▶ [Given material]
-=-=-

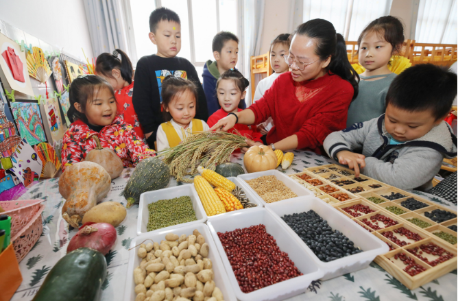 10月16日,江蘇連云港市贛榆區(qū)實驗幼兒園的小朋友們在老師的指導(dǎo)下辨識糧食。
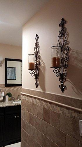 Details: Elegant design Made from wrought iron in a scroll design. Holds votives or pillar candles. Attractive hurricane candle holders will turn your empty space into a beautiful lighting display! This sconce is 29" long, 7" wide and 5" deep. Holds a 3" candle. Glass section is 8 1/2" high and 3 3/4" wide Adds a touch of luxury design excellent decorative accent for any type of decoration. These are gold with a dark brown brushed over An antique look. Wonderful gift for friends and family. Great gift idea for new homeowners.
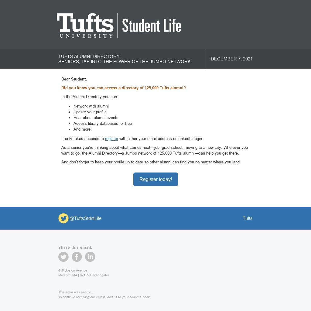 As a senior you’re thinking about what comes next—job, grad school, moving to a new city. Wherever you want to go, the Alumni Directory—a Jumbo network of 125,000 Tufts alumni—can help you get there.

-=-=-

▶ [Exercise prompt] Please return the whole listing exactly. Do not copy its images.

▶ [Result of this exercise]
 10月16日,江蘇連云港市贛榆區(qū)實驗幼兒園的小朋友們在老師的指導(dǎo)下辨識糧食。
 Details: Elegant design Made from wrought iron in a scroll design. Holds votives or pillar candles. Attractive hurricane candle holders will turn your empty space into a beautiful lighting display! This sconce is 29" long, 7" wide and 5" deep. Holds a 3" candle. Glass section is 8 1/2" high and 3 3/4" wide Adds a touch of luxury design excellent decorative accent for any type of decoration. These are gold with a dark brown brushed over An antique look. Wonderful gift for friends and family. Great gift idea for new homeowners.
 As a senior you’re thinking about what comes next—job, grad school, moving to a new city. Wherever you want to go, the Alumni Directory—a Jumbo network of 125,000 Tufts alumni—can help you get there.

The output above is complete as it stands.